Sagemaker domain user

When prompted to select a Kernel we will choose Python 3 (Data Science) for now. And if we are successful we will get SageMaker Studio loaded and we can start uploading notebooks and datasets by clicking on the upload button highlighted here in yellow.

SageMaker Studio upload location

Then we just double click on our notebook that we have uploaded to open it.

sagemaker studio notebook loaded

Import Libraries

Coming from the world of Javascript i’m still wrapping my head around these Jupyter notebooks and this crazy mixture of Markdown and Python and live running code that they have going on here. Starting off we are going to use a Python code block to import some key libraries. And it then appears that these libraries will be available for use throughout the whole notebook. We will import the following:

  • tensorflow: “a free and open-source software library for machine learning and artificial intelligence. It can be used across a range of tasks but has a particular focus on training and inference of deep neural networks. Tensorflow is a symbolic math library based on dataflow and differentiable programming”
  • pandas: “a fast, powerful, flexible and easy to use open source data analysis and manipulation tool, built on top of the Python programming language”
  • numPy: “a library for the Python programming language, adding support for large, multi-dimensional arrays and matrices, along with a large collection of high-level mathematical functions to operate on these arrays”
  • seaborn: “Seaborn is a data visualization library built on top of matplotlib and closely integrated with pandas data structures in Python. Visualization is the central part of Seaborn which helps in exploration and understanding of data. One has to be familiar with Numpy and Matplotlib and Pandas to learn about Seaborn”
  • matplotlib.pyplot: “a collection of functions that make matplotlib work like MATLAB. Each pyplot function makes some change to a figure: e.g., creates a figure, creates a plotting area in a figure, plots some lines in a plotting area, decorates the plot with labels, etc.”
import tensorflow as tf
import pandas as pd
import numpy as np
import seaborn as sns
import matplotlib.pyplot as plt

Code blocks can be run with keyboard shortcut shift + enter

We are getting an error these packages are unrecognized so we need to install some of the base packages using the new IPYthon commands

📘 Amazon SageMaker: Package installation tools

%pip install seaborn
%pip install tensorflow

Import Dataset

Our dataset for this tutorial is a simple csv file with two columns; employee Years Experience and salary titled salary.csv, which we have previously imported into our root directory, so we can now display in a DataFrame using the pandas.read_csv function

display csv file as datafield

Note the variable that we have used salary_df to indicate that this is a DataField.
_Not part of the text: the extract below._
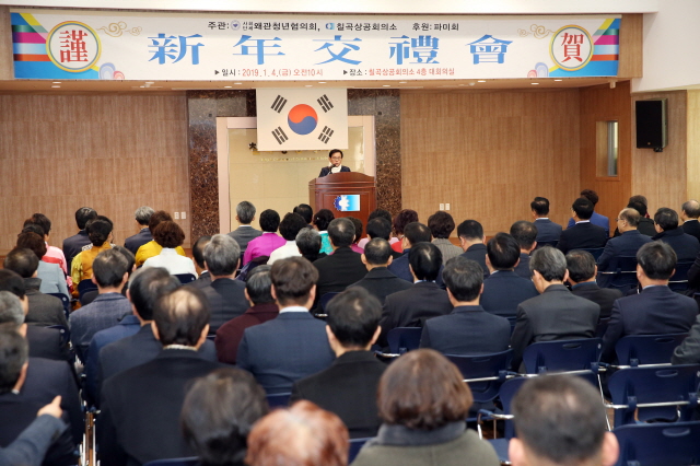 【경상포커스=배성호기자】칠곡군은 지난 4일 칠곡상공회의소 4층 강당에서 백선기 군수를 비롯해 각급 기관 및 사회단체장, 상공인 등 3백여 명이 참석한 가운데 신년교례회를 가졌다.

Exploratory Data Analysis and Visualization

Now that we have defined the data into a DataField we can use our packages to perform all sorts of useful explorations and visualizations.

Null Values Heatmap

This heatmap of null values is rather boring (since there are no null values) but will be very useful later on.

# check if there are any Null values
sns.heatmap(salary_df.isnull(), yticklabels = False, cbar = False, cmap="Blues")

null values heatmap

Info & Statistical Summary

We can get some quick basic information about our field as well as a statistical summary table

# Check the DataField info
salary_df.info()

datafield info

# Statistical summary of the DataField
salary_df.describe()

datafield statistical summary

Corresponding Max Value

Scan the DataField for the row with the maximum salary, then show the years experience correlated with that row.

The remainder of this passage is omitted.